Some of the legislators who now have tax freeze fever were also busy the last few years helping the state build multi-million dollar new state office buildings all over Madison: downtown (The Tommy G. Thompson Commerce Center and The Risser Justice Center); on the south side (The Department of Revenue headquarters); and on a wooded hill on the far east side (the Department of Ag, Trade and Consumer Protection's new digs).

Legislators also helped outfit them at the public's expense with enough computers to run a small country, parking lots, miles of phone lines and expensive office furnishings.

They went on this binge while extolling the virtues at election time of small businesses and entrepreneurs -- whose offices are often in a spare bedroom or behind a curtain at the back of the shop, wired to the Internet on a hand-me-down computer and slow dial-up service.

Having watched Milwaukee County Executive Scott Walker glory in two election wins on a no-tax-increase pledge (Walker had an advantage: he was replacing a corrupt administration), Gard and others now want to share in the limelight. And they are willing to tinker with the constitution and state traditions of tax fairness, even if it means stage-managing local decision-making from their Capitol offices.

TABOR would severely distort imbalances in southeast Wisconsin, where most of the state's poor live and where there is the greatest need for important government services.

A probable TABOR formula that restricts spending increases to the rate of inflation, or the inflation rate plus a factor for population growth, or a factor that recognizes new development, would hammer older and poorer communities, like Milwaukee, West Allis or Racine.

That is where population growth is declining or is flat and from which development has been pushed to the suburbs. It is where shared revenue is supposed to even out the playing field, but where TABOR would help the rich get richer.

A city like Wauwatosa, on Milwaukee's near western border and already far more affluent per-capita than its bigger neighbor, would fare well under TABOR. Mayfair Shopping Center, forever expanding and adding tax base, would give Wauwatosa room under TABOR for budget growth, if desired. GE Medical is coming into Wauwatosa, too, bringing with it property tax growth, and a TABOR boost.

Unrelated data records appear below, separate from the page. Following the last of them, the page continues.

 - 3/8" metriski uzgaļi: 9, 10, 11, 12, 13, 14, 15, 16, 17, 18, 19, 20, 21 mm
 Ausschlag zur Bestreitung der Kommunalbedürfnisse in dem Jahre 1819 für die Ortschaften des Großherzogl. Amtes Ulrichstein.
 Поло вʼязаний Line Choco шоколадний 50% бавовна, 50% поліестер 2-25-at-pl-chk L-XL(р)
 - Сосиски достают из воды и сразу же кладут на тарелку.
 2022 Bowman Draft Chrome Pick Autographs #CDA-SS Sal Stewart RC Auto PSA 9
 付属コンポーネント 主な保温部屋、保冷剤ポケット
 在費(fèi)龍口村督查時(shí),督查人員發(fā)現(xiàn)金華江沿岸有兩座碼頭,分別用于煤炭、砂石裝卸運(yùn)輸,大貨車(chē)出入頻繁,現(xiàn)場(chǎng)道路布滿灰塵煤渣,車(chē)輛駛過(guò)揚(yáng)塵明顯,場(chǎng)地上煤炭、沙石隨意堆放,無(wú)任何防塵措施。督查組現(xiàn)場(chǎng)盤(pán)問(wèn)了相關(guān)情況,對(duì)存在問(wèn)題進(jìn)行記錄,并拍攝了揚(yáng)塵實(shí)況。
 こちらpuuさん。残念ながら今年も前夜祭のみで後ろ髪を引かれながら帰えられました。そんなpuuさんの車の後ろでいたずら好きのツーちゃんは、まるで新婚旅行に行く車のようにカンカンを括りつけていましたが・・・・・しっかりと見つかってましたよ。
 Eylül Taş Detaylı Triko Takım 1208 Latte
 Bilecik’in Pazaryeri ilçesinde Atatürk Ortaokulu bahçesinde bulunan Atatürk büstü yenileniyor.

In Milwaukee's case, growth is restricted because the boundaries of the city are frozen by a unique state law. Suburbs in the Milwaukee region that can annex land to lure growth would have a codified advantage under TABOR -- a factor that would probably render TABOR, with its across-the-board limitations, unconstitutional.

TABOR sounds good because just about everyone would like to pay less in taxes. But putting local governments into a constitutional stranglehold is bad politics and bad governing, regardless of the momentary headlines and campaign ad copy it can garner.

TABOR is one Rocky Mountain high that we don't need in Wisconsin.

Rowen is a Milwaukee writer and consultant who used to work for the Norquist administration.